Sliding Window

slidingwindow

字数统计: 1.4k阅读时长: 7 min

 2021/04/23   Share

滑动窗口

需要注意的主要步骤

移动 right 时扩大窗口，需要更新哪些数据
什么条件下，窗口应该暂停扩大，开始缩小窗口
移动 left 时缩小窗口，需要更新哪些数据
需要的结果是在哪个地方进行更新，是在扩大窗口时，还是缩小窗口时进行更新。

窗口右端不断向前，直到包含所有的所需元素

（注意，刚刚直到包含所有元素就是窗口开始缩小的条件）。

然后窗口左端开始向前（即进行了窗口的缩小），直到开始不包含所有元素（比如ABC，就少了 A，窗口中只包含了BC）
然后窗口右边再次向右前进，重复上述过程。
最后返回最小的窗口即可（在这里，可以得出，在缩小窗口之前通常需要进行预备份上一次的最合适的窗口）

int left = 0, right = 0;
// t  为所需要的匹配元素
while(right < t.size()){
  windows.add[s[right]];
  right++;

  //满足缩减条件时，开始缩减
  while(windows need shrink){
    windows.remove[s[left]];
    left++;
  }

}

76. Minimum Window Substring

Given two strings s and t, return the minimum window in s which will contain all the characters in t. If there is no such window in s that covers all characters in t, return the empty string “”.

Note that If there is such a window, it is guaranteed that there will always be only one unique minimum window in s.

Example 1:

Input: s = “ADOBECODEBANC”, t = “ABC”
Output: “BANC”
Example 2:

Input: s = “a”, t = “a”
Output: “a”

Constraints:

1 <= s.length, t.length <= 105
s and t consist of English letters.

Follow up: Could you find an algorithm that runs in O(n) time?

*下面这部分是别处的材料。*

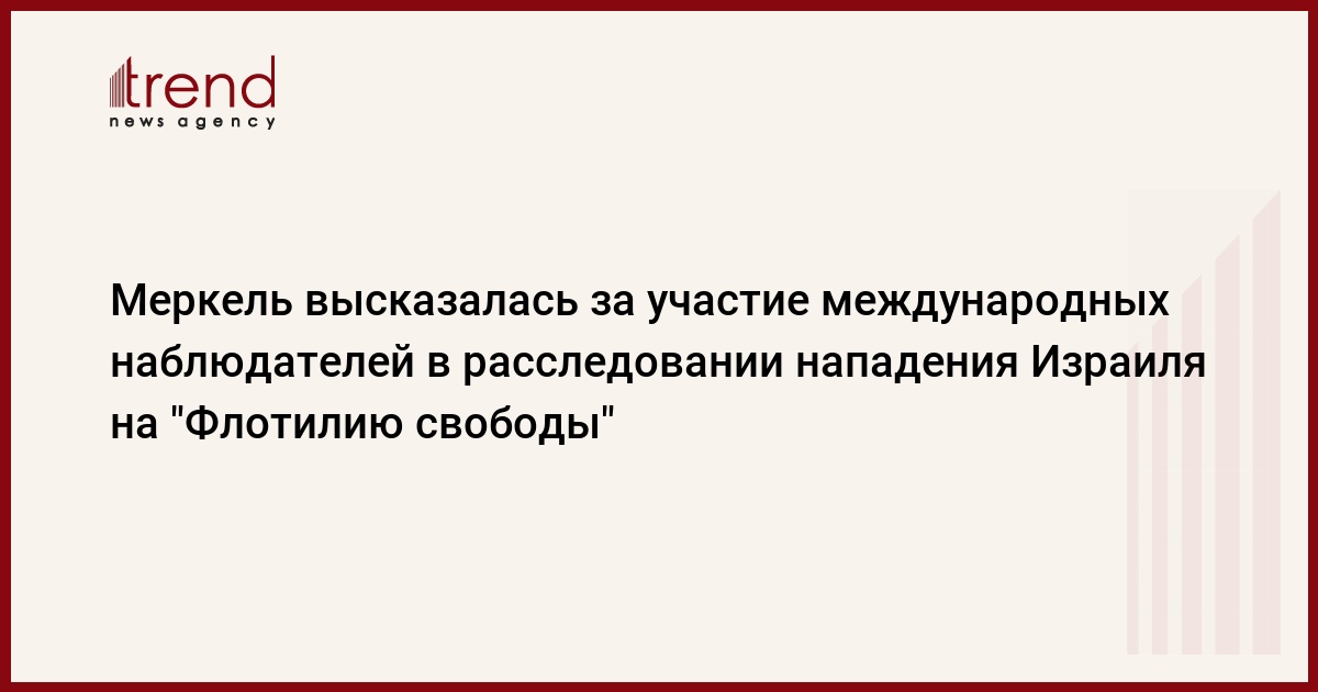 Канцлер Германии Ангела Меркель выступает за участие международных наблюдателей в расследовании нападения Израиля на "Флотилию свободы" в составе шести судов, направлявшихся в сектор Газа с гуманитарным грузом, пишет РИА Новости.
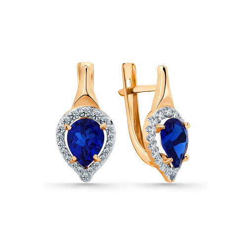 Изящные серьги с синими сапфирами в окружении сверкающих фианитов, выполнены в сочетании красного и белого золота 585 пробы. Серьги станут модной изюминкой в повседневном или деловом образе, а также стильно дополнят вечерний или коктейльный наряд. Тип замка - английская застежка, самый надежный и удобный. Изделие представлено брендом MAGIC STONES. В комплект поставки входит:
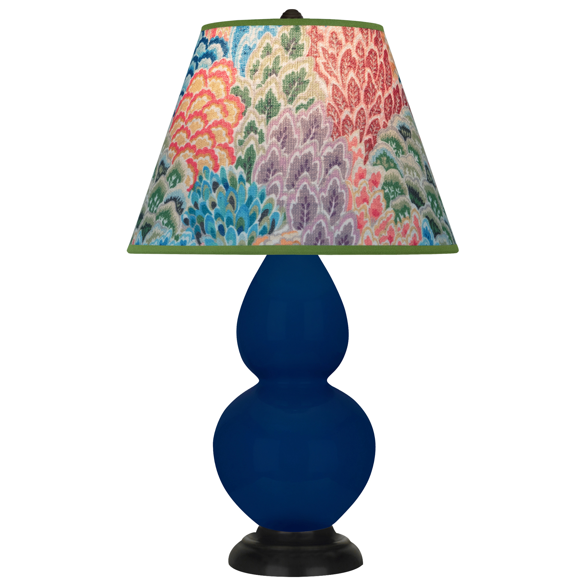 Cobalt Glazed Ceramic With Deep Patina Bronze Finished Accents Small Double Gourd Accent Lamp With Spring Floral Fabric Shade - Our Double Gourd collection features a simple but gracefully curving silhouette. Available in a wide array of vibrant colors and several different base finishes.
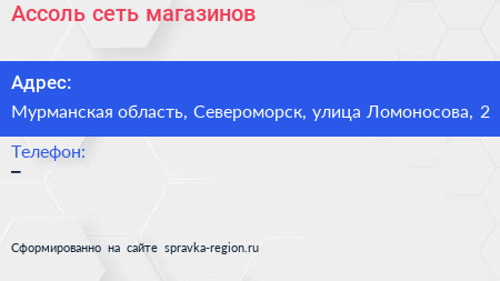 Ассоль, сеть магазинов по адресу Мурманская область, Североморск, улица Ломоносова, 2 в дальнейшем Организация, размещена в следующих категориях:
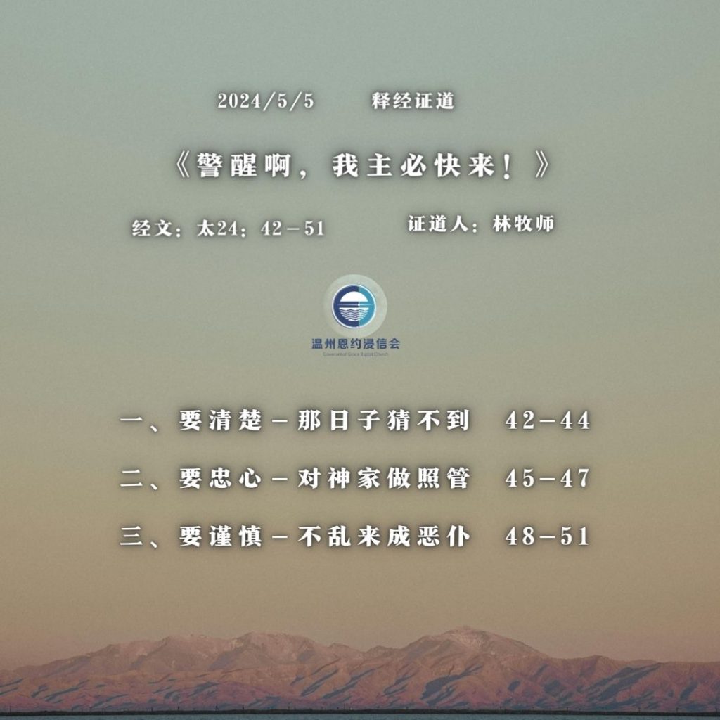 2024/05/05主日预告 | 警醒啊,我主必快来!(太24:42-51)

string minWindow(string s, string t) {
  unordered_map<char, int> needs, windows;
  for( char c:t ) needs[c]++;

  int left, right = 0;
  int start = 0;
  int valid = 0;
  int len = INT_MAX;

  //右边界向前滑动的条件
  while(right < s.size()){
    char c = s[right];
    right++;
    if(needs.count(c)){
      windows[c]++;
      if(windows[c] == needs[c]){
        valid++;
      }
    }

    //左边界向前滑动的条件
    while(valid == needs.size()){
      if(right - left  < len){
        start = left;
        len = right - left;
      }
      char d = s[left];
      left++;
      if(needs.count(d)){
        if(windows[d] == needs[d]){
          valid--;
        }
        windows[d]--;
      }
    }
  }
  return len == INT_MAX ? "" : s.substr(start, len);
}

max(O(n)) = O(s+t)

567. Permutation in String

Given two strings s1 and s2, return true if s2 contains the permutation of s1.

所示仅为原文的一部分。